Who benefits from ‘coding for all’?

As a former music teacher and arts advocate, No Child Left Behind and the accompanying push for ‘back to basics’ education in the early 2000s felt like a direct attack on music education in US public schools. Recently, ‘STEM education’, ‘coding for all’ and ’21st century skills’ are being popularized as a way to expand education. But these simply feel like the modern and more trendy version of ‘back to basics’. Even more worrying is that recent discussions on these themes have given tech companies a louder voice in political debates about education. And this has a significant influence on education reforms.

Behind the advocacy for STEM education, ‘workforce training’ is inserted as the purpose of schooling and the guiding force for funding. The video below announces a presidential memorandum – but not increased funding – allocated by the US Department of Education to put $200 million dollars each year toward promoting STEM. Personally, I wonder where that money will come from. It seems unlikely that it would be reallocated from reading or math funding. Very likely it would come from cuts to programs for arts education, outdoor education, humanities, research, and the other things that make education wonderful even though they are not visibly contributing to a certain workforce.

But my biggest problem with this call to action is not simply that funding would go from arts to STEM. It is that it has a particular purpose which benefits certain groups more than others.

In an article entitled ‘Tech’s push to teach coding isn’t about kids’ success – it’s about cutting wages‘, Ben Tarnoff from The Guardian points out the problems with increasing school-based training for technology skills and coding in particular. He argues that the push for coding education is simply a way for tech firms to flood the market with workers, reduce their wages and avoid investing in training their own employees. He summarizes:

‘But coding is not magic. It is a technical skill, akin to carpentry. Learning to build software does not make you any more immune to the forces of American capitalism than learning to build a house. Whether a coder or a carpenter, capital will do what it can to lower your wages, and enlist public institutions towards that end’ (Tarnoff 2017).

Thus, STEM education, and coding training in particular, create a path where public money flows directly into private profit.

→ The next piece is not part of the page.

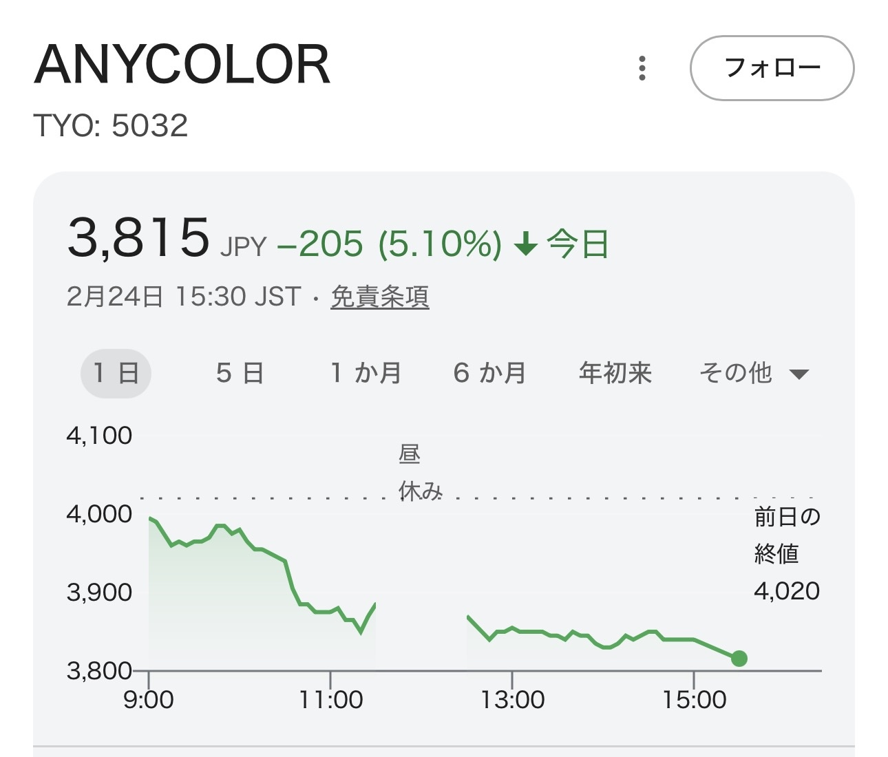 | … | 8426/02/24(火)17:45:58No.1405175714+>>エニーカラーの株価下落を真面目に考察するとやっぱ上り目感じられないのかな |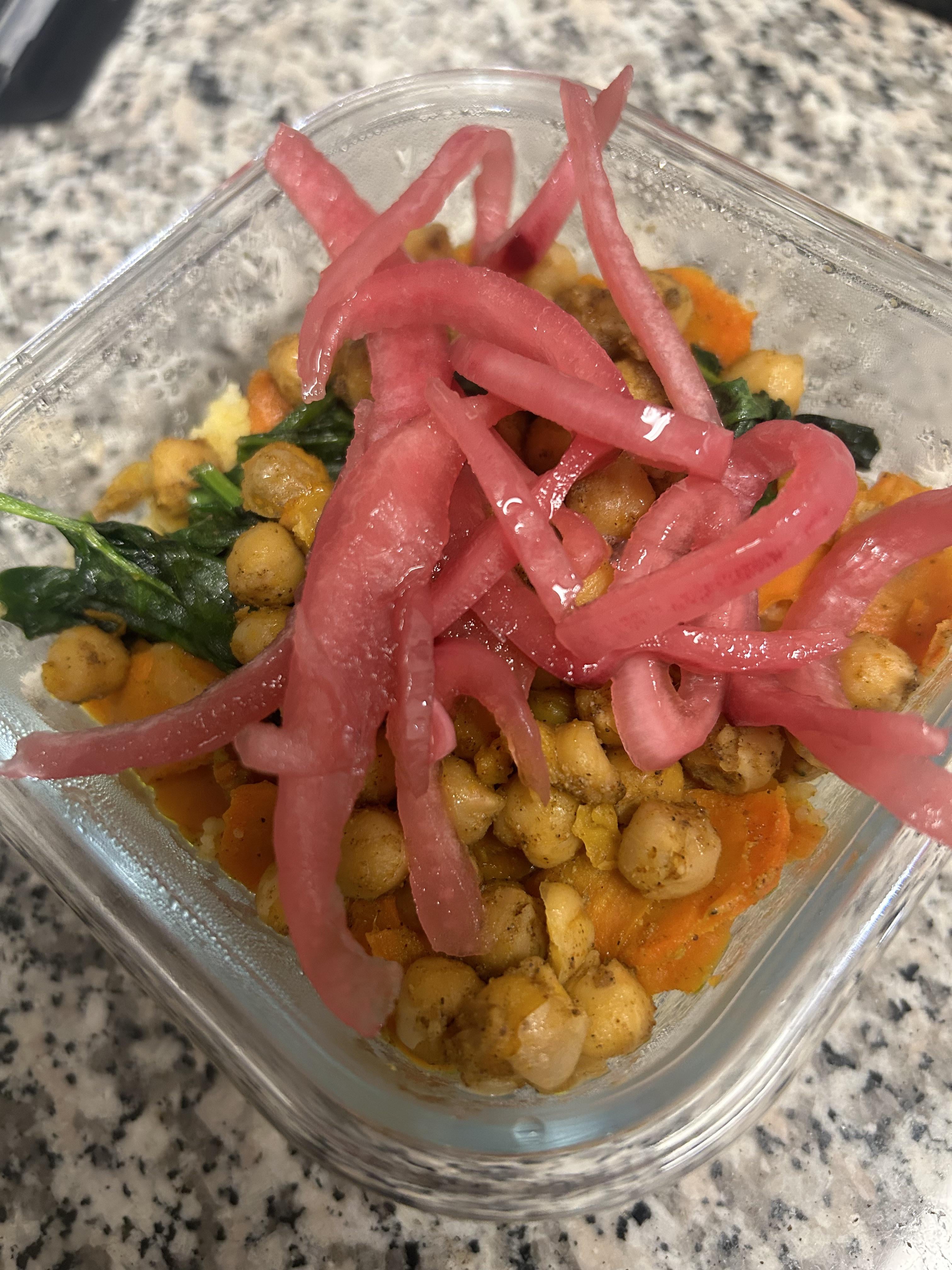 First time pickling onions 🧅✨ Parmesan couscous, garlic-sautéed carrots & onions, spinach, Cajun roasted chickpeas, topped with my homemade pickled red onions.

In the video announcing the presidential memorandum, Ivanka Trump highlights the importance of creating the ‘workforce of the future’, that schools are part of ‘workforce development’ with the goal of creating ‘the American worker to maintain our competitive advantage’. She also re-tweeted this article from code.org, a non-profit intended to increase participation in computer science related fields. Out of curiosity, I looked to see who supports code.org . Their corporate sponsors are some of the largest tech firms and most profitable businesses in the history of capitalism. Apple, Google, Amazon and many other high power businesses are on the list. These are companies for whom $200 million is less than their line item expense for desk chair replacement wheels.

What an incredible set of companies stand in the wings and watch as the US Department of Education re-allocates already stretched funding. They have an amazingly loud voice in how politics influence schools and the purpose of education. Here is the proof:

I saw this video as a joke — that ‘the Ivanka robot had malfunctioned’ due to the visible computer code that is in the accompanying text to the Tweet.

But what is interesting about code is that good code is invisible. If it functions well then you don’t even know it is there. While teaching STEM, computer science and coding education is a very visible way for schools to ‘innovate’, it is not the savior of any school system. My personal belief is that the invisible, barely perceptible elements of education are really what makes it great. Things like being part of a community, the awe of learning something new, the strangeness of caring about something you didn’t even know existed before. And the self-actualization that happens in those moments.

Maybe STEM has the possibility to foster those ideals – I think it is possible – but I would argue that arts education creates those situations as well or better than most other things. It is only possible for STEM education to enrich education in a similar way if the purpose behind it is for students to experience the invisible rather than the visible output of code or technical skill. And I fear that’s not the purpose.